WHAT THE TASK ASKS:
Considering every line below, count those with the word "silver" and give only the result.
MATERIAL FOR THIS EXERCISE section start
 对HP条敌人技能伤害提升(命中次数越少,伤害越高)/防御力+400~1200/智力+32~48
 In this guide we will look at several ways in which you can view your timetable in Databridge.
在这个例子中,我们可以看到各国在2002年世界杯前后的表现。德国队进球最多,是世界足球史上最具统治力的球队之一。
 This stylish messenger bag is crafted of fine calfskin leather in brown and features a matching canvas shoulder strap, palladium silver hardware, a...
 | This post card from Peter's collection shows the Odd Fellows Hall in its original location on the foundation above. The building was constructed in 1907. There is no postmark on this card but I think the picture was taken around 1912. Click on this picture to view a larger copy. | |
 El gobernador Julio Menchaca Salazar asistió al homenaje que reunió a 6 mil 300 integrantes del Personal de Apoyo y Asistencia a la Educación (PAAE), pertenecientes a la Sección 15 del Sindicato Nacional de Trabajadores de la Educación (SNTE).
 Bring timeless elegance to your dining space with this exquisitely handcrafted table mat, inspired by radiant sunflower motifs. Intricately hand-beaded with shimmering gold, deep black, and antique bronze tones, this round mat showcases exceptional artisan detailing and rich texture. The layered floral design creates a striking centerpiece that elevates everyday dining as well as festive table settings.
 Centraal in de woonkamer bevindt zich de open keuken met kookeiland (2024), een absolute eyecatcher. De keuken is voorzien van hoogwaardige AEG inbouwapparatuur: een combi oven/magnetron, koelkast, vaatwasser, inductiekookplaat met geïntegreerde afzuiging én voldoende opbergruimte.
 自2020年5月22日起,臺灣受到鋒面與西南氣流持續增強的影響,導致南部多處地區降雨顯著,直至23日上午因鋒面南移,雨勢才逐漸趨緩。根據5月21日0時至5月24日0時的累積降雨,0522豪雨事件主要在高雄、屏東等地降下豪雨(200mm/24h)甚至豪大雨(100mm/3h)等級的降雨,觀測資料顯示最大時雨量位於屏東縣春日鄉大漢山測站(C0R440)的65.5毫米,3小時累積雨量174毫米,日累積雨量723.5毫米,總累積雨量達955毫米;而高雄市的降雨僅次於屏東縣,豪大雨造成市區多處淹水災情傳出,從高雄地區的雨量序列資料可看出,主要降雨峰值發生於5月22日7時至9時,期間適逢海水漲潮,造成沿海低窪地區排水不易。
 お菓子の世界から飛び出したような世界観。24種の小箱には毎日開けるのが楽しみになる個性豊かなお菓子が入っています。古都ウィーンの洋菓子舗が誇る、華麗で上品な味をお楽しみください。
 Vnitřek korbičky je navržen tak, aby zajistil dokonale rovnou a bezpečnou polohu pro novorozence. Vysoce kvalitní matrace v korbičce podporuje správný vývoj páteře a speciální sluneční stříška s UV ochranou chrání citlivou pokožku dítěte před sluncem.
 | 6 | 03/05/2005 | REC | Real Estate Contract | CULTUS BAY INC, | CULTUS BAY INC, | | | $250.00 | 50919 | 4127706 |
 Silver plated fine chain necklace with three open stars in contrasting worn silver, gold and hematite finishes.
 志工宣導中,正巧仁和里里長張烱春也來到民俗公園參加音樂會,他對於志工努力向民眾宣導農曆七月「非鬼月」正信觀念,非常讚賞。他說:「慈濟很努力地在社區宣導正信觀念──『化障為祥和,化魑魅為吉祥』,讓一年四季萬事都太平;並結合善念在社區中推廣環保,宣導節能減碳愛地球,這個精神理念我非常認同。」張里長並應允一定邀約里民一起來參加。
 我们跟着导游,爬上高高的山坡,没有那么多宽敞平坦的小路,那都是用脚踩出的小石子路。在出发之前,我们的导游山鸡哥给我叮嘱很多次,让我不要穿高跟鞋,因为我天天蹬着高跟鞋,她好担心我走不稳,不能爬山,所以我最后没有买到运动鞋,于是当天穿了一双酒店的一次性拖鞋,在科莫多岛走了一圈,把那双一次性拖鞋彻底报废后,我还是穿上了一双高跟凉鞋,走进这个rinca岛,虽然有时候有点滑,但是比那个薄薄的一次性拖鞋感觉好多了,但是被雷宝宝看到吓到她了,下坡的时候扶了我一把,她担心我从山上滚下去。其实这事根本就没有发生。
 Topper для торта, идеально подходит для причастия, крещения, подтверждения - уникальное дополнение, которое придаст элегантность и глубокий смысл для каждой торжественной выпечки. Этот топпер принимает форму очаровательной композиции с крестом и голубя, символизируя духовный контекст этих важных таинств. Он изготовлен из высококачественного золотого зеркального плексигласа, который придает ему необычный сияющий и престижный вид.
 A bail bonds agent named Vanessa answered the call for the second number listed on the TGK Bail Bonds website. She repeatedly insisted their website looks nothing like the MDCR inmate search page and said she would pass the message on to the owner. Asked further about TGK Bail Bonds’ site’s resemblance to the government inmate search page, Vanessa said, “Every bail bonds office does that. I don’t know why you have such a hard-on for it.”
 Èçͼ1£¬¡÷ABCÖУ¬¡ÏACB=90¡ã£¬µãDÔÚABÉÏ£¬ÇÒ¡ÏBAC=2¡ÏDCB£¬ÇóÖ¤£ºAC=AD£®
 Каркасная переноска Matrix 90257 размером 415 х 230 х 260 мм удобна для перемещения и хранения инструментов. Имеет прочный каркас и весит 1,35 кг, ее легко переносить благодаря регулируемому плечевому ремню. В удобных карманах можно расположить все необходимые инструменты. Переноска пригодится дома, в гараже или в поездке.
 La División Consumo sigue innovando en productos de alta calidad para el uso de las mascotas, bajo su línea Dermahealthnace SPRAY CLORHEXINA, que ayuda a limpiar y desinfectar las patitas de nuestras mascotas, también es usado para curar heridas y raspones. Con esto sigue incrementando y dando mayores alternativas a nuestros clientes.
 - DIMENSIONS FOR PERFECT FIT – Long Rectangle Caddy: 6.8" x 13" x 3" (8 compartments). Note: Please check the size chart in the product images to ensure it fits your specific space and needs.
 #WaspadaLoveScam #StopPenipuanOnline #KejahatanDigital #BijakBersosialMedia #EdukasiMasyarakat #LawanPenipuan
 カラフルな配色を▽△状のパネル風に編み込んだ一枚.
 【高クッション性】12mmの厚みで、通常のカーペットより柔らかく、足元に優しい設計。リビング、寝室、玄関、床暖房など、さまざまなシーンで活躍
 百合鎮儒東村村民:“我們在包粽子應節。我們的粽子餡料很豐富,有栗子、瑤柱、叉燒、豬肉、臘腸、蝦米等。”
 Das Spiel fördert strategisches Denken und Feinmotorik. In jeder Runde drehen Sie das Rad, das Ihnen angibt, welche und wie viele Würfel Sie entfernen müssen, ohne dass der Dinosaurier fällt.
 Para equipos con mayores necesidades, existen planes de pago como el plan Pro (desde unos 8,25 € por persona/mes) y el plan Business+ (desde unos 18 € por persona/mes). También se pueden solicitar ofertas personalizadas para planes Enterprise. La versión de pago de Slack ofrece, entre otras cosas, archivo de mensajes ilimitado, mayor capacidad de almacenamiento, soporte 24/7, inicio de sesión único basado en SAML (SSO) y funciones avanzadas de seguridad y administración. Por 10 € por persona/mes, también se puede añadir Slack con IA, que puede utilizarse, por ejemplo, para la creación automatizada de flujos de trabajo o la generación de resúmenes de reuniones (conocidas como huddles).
MATERIAL FOR THIS EXERCISE section end
ANSWER TO THE PROBLEM:
2